** Opening Raw data block **

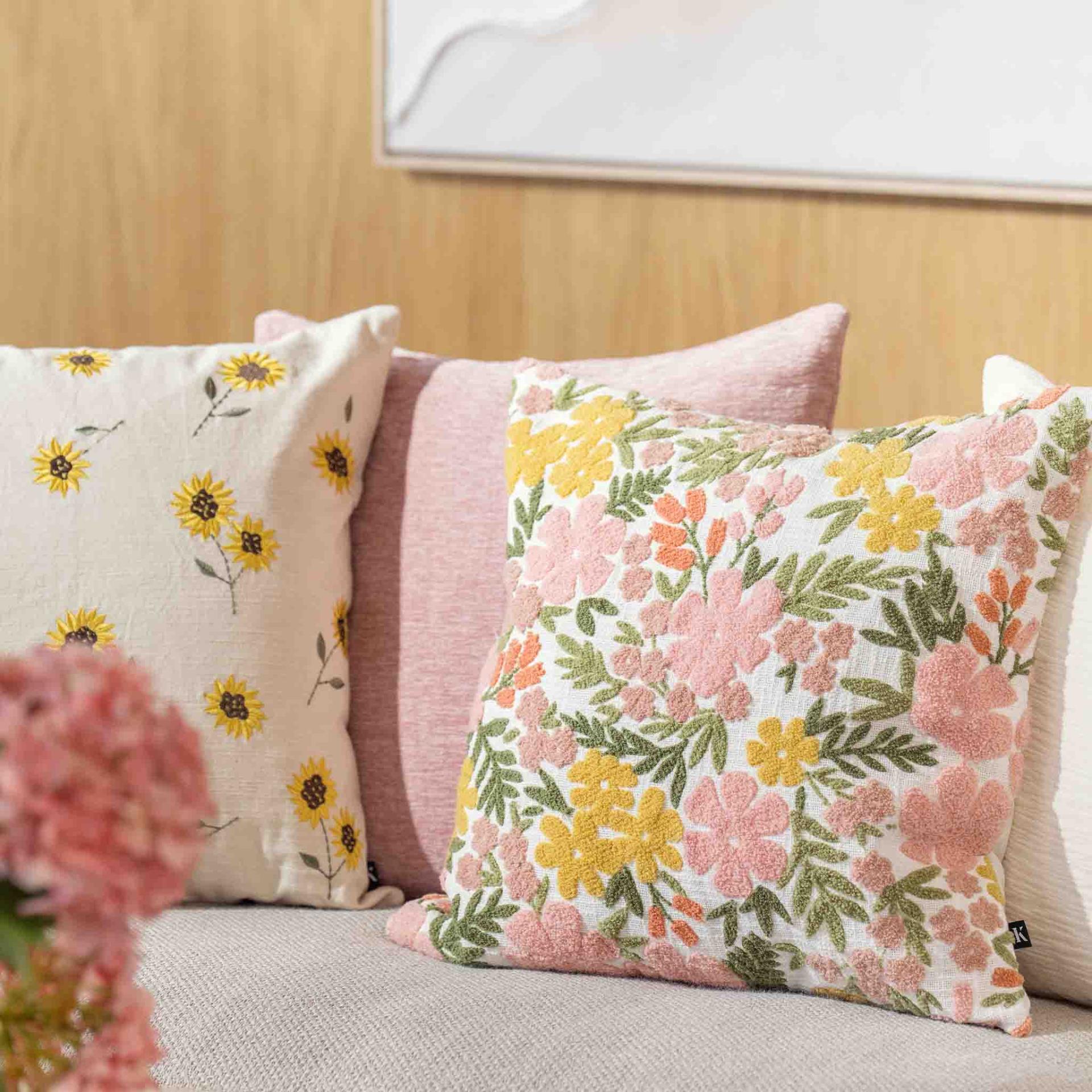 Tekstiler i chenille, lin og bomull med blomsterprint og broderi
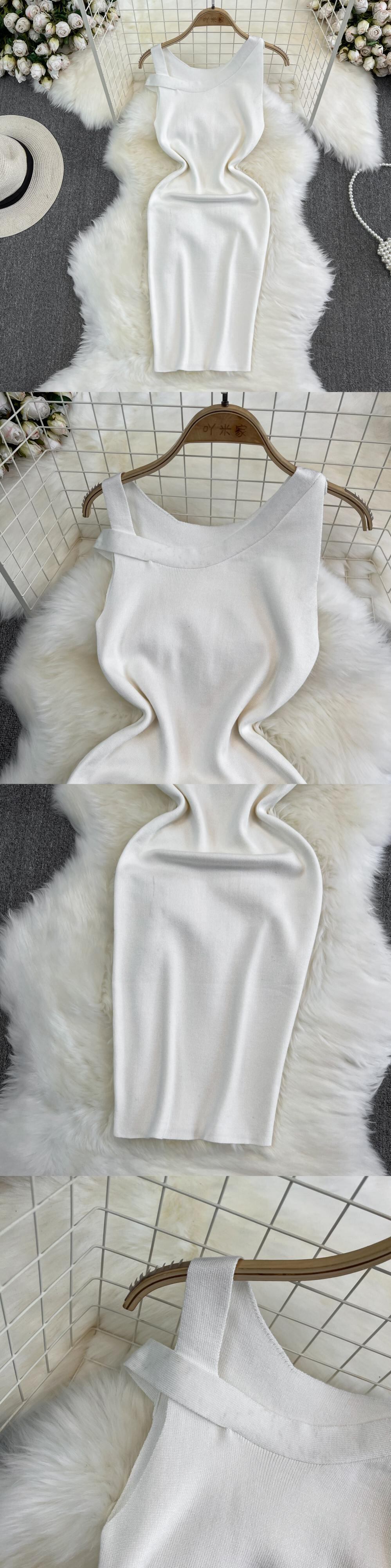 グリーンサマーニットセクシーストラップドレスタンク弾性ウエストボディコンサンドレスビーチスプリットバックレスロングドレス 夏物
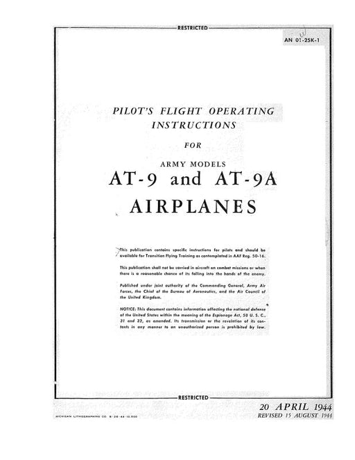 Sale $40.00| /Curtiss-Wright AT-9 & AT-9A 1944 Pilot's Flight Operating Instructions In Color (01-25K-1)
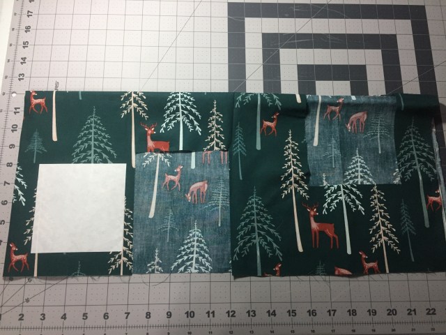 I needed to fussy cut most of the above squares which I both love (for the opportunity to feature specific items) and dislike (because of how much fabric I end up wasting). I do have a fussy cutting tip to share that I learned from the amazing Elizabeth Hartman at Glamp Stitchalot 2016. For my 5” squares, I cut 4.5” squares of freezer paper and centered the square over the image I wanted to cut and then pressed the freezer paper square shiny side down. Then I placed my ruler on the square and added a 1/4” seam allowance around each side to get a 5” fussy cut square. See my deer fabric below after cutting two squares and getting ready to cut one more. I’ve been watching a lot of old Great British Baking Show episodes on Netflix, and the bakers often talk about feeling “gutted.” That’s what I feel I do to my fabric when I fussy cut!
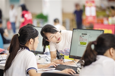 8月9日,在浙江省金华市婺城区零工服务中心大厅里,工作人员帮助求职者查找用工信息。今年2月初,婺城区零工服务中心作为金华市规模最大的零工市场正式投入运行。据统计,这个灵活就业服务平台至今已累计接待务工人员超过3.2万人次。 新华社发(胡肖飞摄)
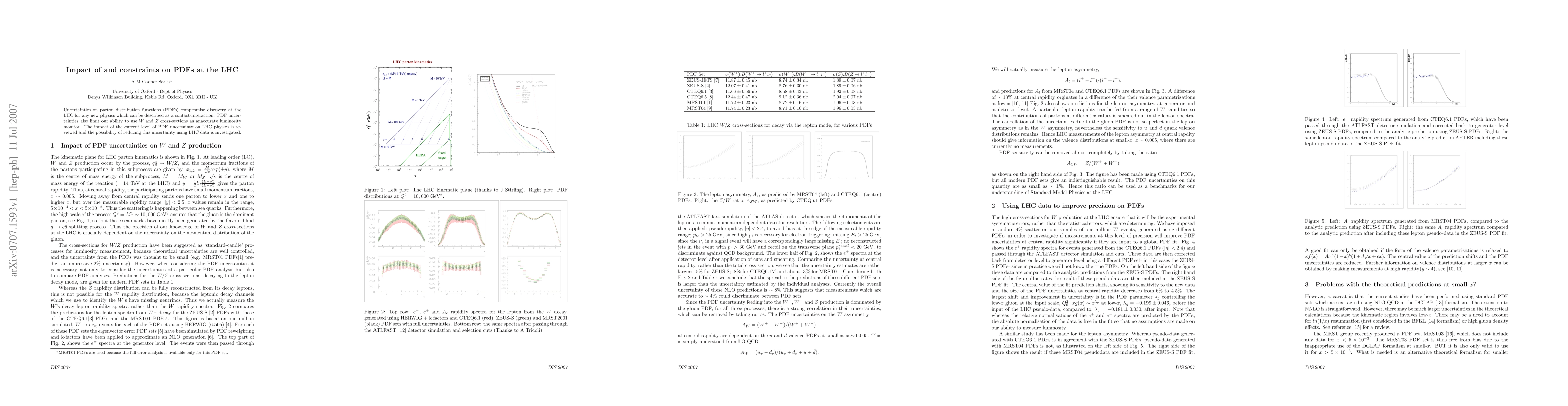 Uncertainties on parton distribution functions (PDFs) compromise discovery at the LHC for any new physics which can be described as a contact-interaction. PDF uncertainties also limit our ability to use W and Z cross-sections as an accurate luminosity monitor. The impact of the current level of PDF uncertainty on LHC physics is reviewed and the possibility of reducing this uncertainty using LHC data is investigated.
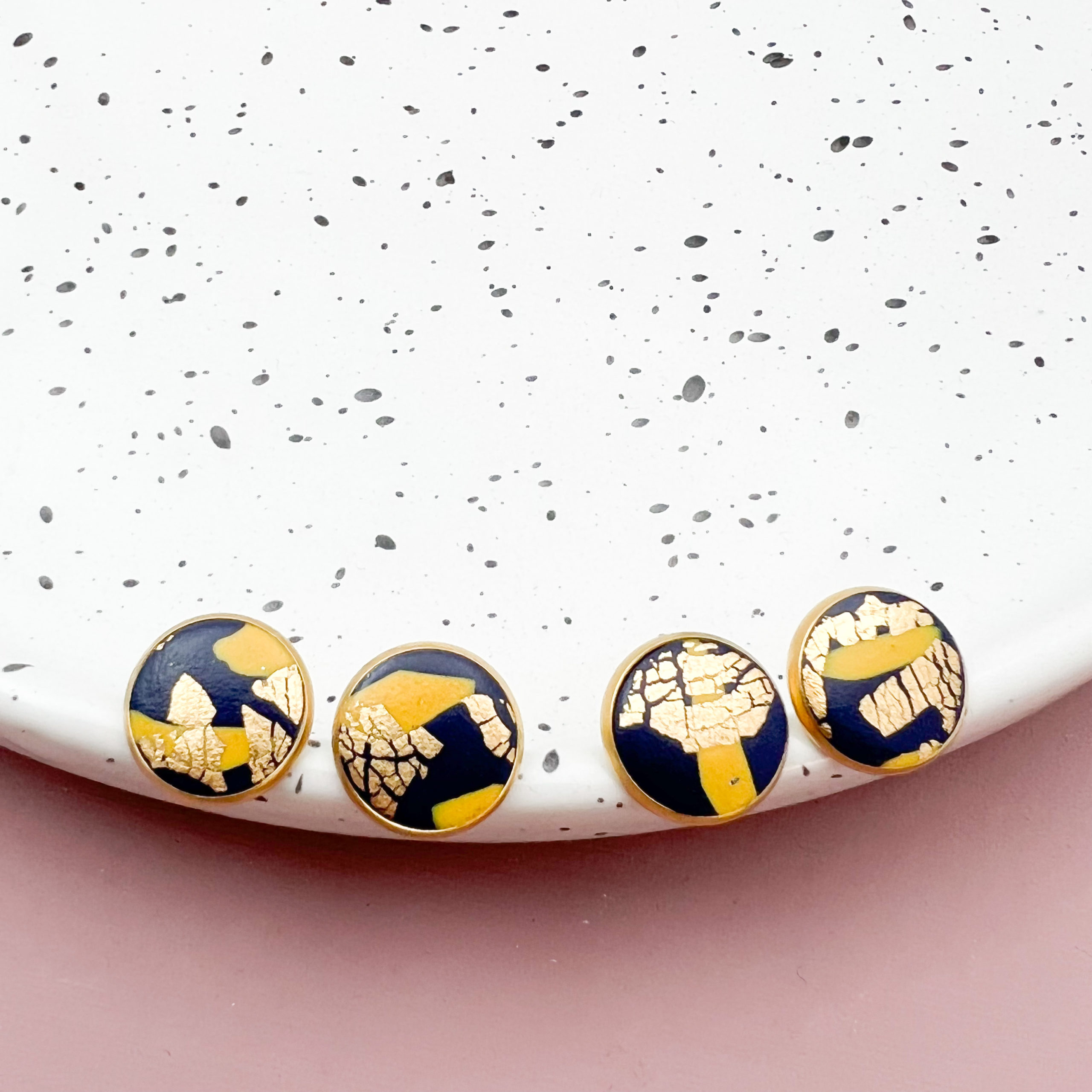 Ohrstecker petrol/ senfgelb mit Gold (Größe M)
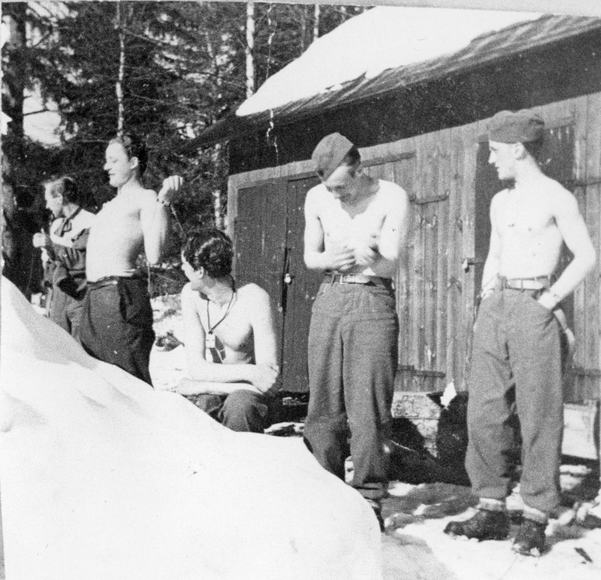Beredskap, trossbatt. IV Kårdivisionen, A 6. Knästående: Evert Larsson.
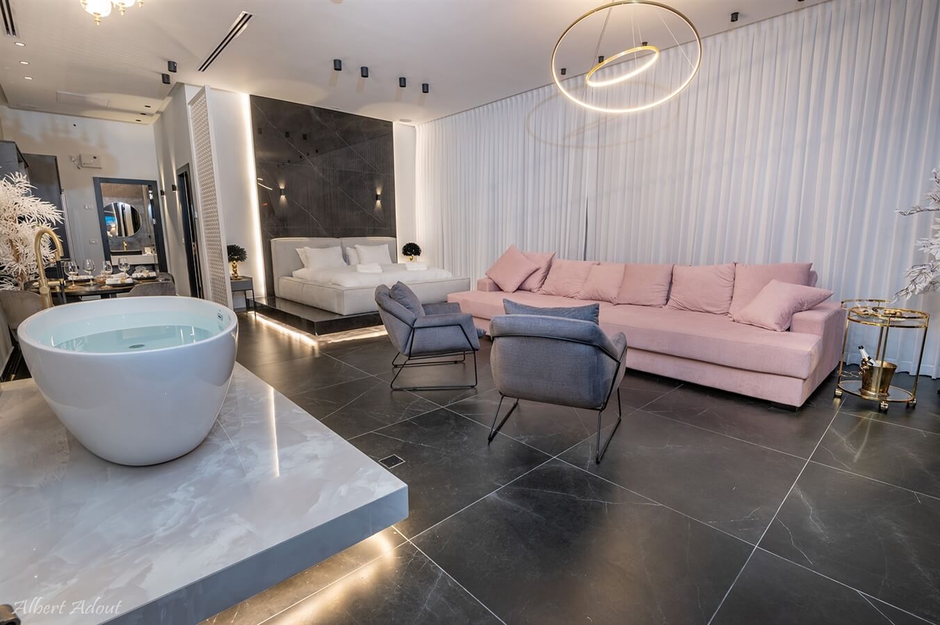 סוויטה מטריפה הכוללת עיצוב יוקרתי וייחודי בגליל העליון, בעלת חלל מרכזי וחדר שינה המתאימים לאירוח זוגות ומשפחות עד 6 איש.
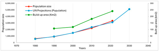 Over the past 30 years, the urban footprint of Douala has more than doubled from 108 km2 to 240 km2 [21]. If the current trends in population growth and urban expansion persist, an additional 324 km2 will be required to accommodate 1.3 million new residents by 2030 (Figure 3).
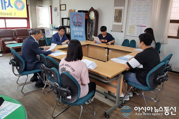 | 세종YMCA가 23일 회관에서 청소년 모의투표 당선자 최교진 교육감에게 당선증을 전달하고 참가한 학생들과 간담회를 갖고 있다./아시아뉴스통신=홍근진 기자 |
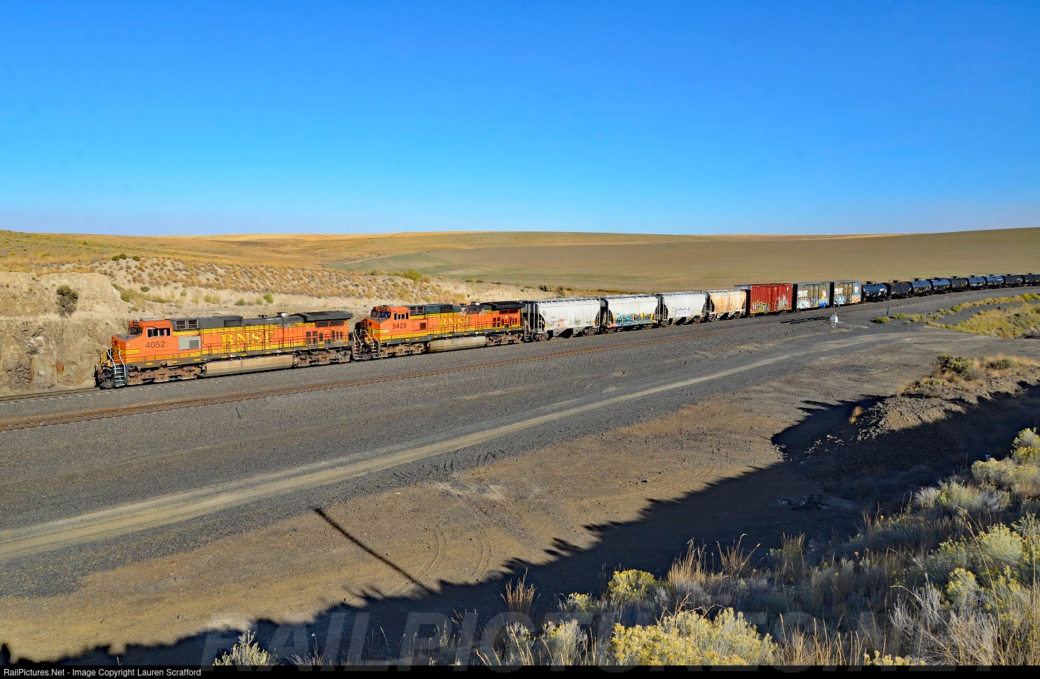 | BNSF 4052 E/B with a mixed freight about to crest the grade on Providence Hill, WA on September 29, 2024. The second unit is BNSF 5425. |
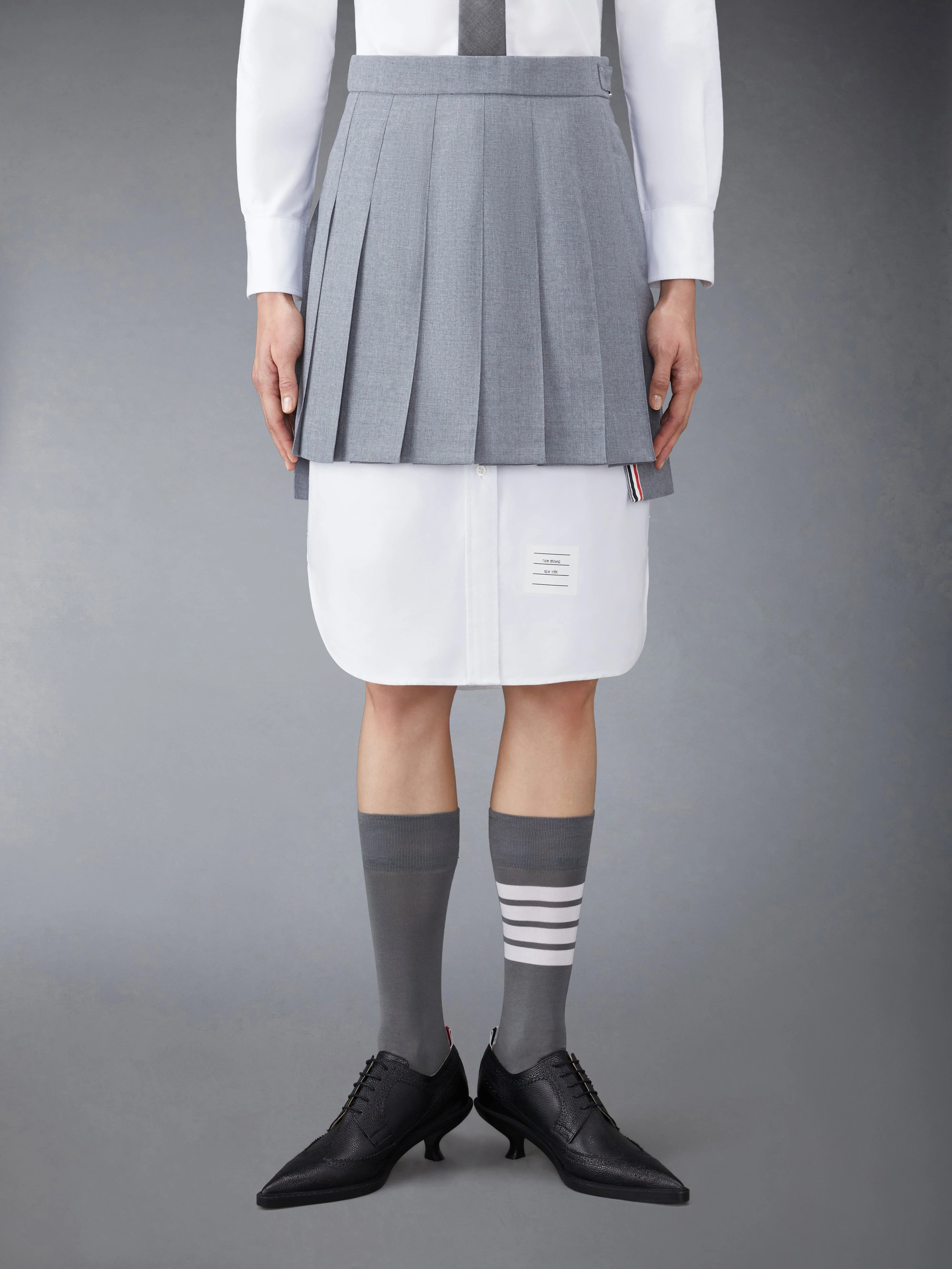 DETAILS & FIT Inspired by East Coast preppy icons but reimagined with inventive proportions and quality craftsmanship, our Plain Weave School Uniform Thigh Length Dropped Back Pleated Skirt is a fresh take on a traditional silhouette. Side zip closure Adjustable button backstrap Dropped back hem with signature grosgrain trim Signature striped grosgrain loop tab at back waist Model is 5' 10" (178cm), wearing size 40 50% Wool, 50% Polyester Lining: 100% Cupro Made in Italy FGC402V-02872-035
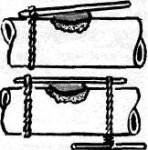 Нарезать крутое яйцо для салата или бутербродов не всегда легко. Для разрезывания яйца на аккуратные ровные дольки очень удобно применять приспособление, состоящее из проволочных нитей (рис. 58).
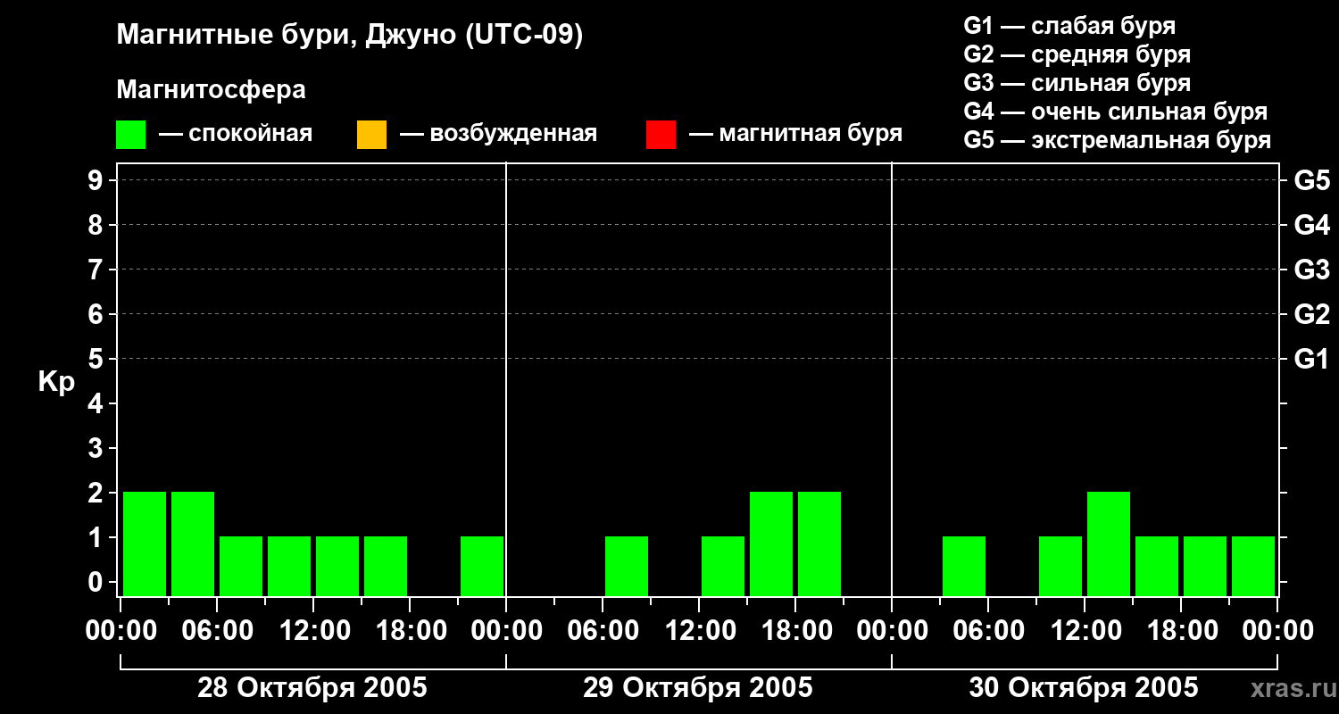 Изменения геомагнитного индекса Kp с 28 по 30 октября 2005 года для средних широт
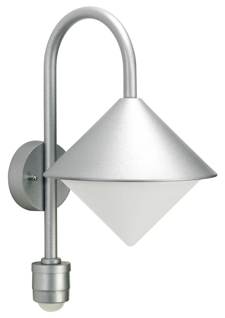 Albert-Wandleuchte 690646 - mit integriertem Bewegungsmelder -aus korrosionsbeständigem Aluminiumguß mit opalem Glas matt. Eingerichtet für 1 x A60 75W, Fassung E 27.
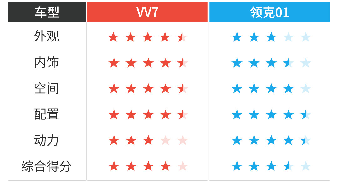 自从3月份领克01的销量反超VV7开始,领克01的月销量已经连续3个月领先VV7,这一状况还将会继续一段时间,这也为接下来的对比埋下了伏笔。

** Closing Raw data block **

Problem requirements
Each line from the start of the entries through the line with "Uncertainties on parton" is to be restated exactly, and the pictures are to be skipped.

The answer
 Tekstiler i chenille, lin og bomull med blomsterprint og broderi
 グリーンサマーニットセクシーストラップドレスタンク弾性ウエストボディコンサンドレスビーチスプリットバックレスロングドレス 夏物
 Sale $40.00| /Curtiss-Wright AT-9 & AT-9A 1944 Pilot's Flight Operating Instructions In Color (01-25K-1)
 I needed to fussy cut most of the above squares which I both love (for the opportunity to feature specific items) and dislike (because of how much fabric I end up wasting). I do have a fussy cutting tip to share that I learned from the amazing Elizabeth Hartman at Glamp Stitchalot 2016. For my 5” squares, I cut 4.5” squares of freezer paper and centered the square over the image I wanted to cut and then pressed the freezer paper square shiny side down. Then I placed my ruler on the square and added a 1/4” seam allowance around each side to get a 5” fussy cut square. See my deer fabric below after cutting two squares and getting ready to cut one more. I’ve been watching a lot of old Great British Baking Show episodes on Netflix, and the bakers often talk about feeling “gutted.” That’s what I feel I do to my fabric when I fussy cut!
 8月9日,在浙江省金华市婺城区零工服务中心大厅里,工作人员帮助求职者查找用工信息。今年2月初,婺城区零工服务中心作为金华市规模最大的零工市场正式投入运行。据统计,这个灵活就业服务平台至今已累计接待务工人员超过3.2万人次。 新华社发(胡肖飞摄)
 Uncertainties on parton distribution functions (PDFs) compromise discovery at the LHC for any new physics which can be described as a contact-interaction. PDF uncertainties also limit our ability to use W and Z cross-sections as an accurate luminosity monitor. The impact of the current level of PDF uncertainty on LHC physics is reviewed and the possibility of reducing this uncertainty using LHC data is investigated.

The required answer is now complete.